Its much less popular in the USA and EU, but thats nice since it gives the developing world a chance to catch up.



> many use cases are free or affordable to them

Because the technology is so fast, efficient and easy to run locally themselves? Or because currently there are remote APIs/UIs that are heavily subsidized by VC money yet the companies behind them are yet to be profitable?

I agree that giving the developing world any ladders for catching up is a great thing, but I'm not sure this is that, it just happens to be that companies don't care about profit (yet) so things appear "free or affordable" to them, and when its gonna be time to make things realistic, we'll see how accessible it'll still be.


I don't think there's much room for providers to make the tech substantially less affordable. In order to do that, the one(s) starting the cost increase will need to provide a distinctly better service than those that remain decently affordable. And somehow put a moat around that offering, which is essentially impossible with the amount of players in the field.


The number of players in the field is sufficient to coordinate prices effectively.

You can also introduce ads to the model.

Amazon eventually started selling Amazon versions of popular cheap items, I can see the GenAI platforms doing the same.

Meme bots for example.


Inference is probably profitable in a unit economics sense today, there have been multiple back of the envelope calculations this year talking about this.
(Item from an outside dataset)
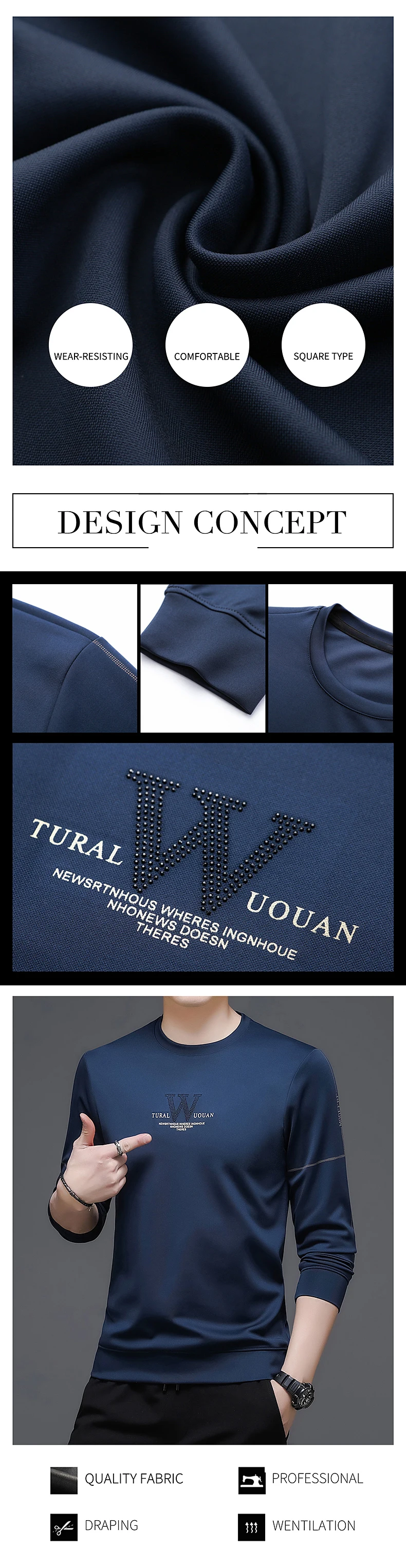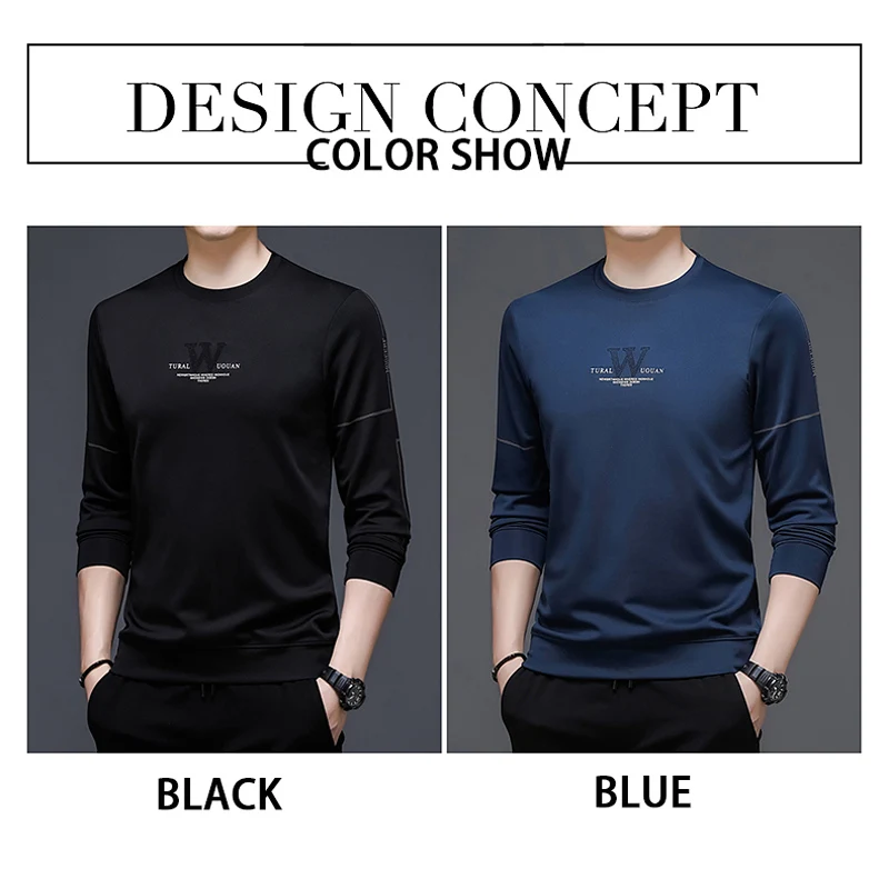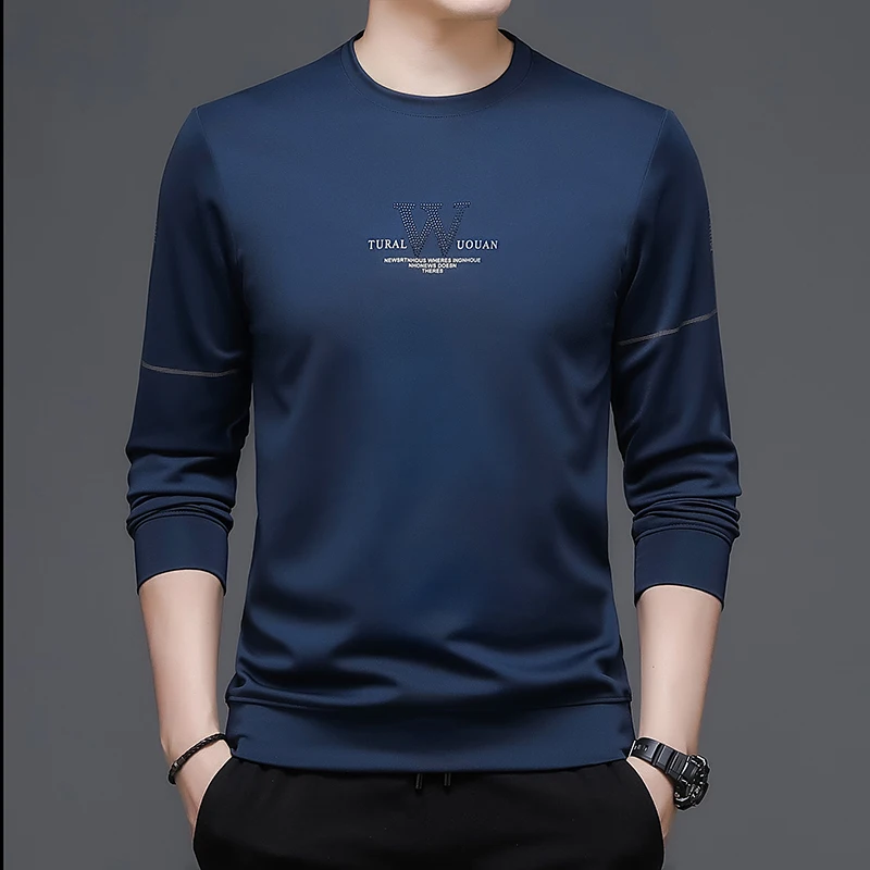Мужская футболка с круглым вырезом BROWON, модная футболка из полиэстера с длинным рукавом и круглым вырезом, осенняя одежда

And with multiple high quality open weights models out there I see no reason why competition between hosting providers won't drive price towards marginal cost of inference.


You are forgetting about how with the multiple high quality open weights models, we are gonna quickly/(already have?) reached the point where using completely local models will make sense.

If the writer of the (grandparent comment?)/ (the person who wrote about the philipines secretary is reading this), I would love it if you can do me a simple task and instead of having them use the SOTA models for the stuff for which they are using AI right now, they use an open source model (even an tiny to mid model) and see what happens.

> "My assistant in the phillipines has used it to substantially improve her communications, for instance."

So if they are using it for communications, Honestly even a small-mid model would be good for them.

Please let me know how this experiment goes. I might write about it and its just plain curiosity to me but I would honestly be 99% certain that the differences would be so negligible that using SOTA or even remotely hosted AI datacenter models wont make much sense but of course we can say nothing without empirical evidence which is why I also asked you to conduct my hypothesis.


> You are forgetting about how with the multiple high quality open weights models, we are gonna quickly/(already have?) reached the point where using completely local models will make sense.

I'm not, since I'm a heavy user of local models myself, and even with the beast of a card I work with locally daily (RTX Pro 6000), the LLMs you can run locally are basically toy models compared to the hosted ones. I think, if you haven't already, you need to give it a try yourself to see the difference. I didn't mention or address it, as it's basically irrelevant because of the context.

And besides that, how affordable how GPUs today in the developing world? Electricity costs? How to deal with thermals? Frequent black outs? And so on, many variables you seemingly haven't considered yet.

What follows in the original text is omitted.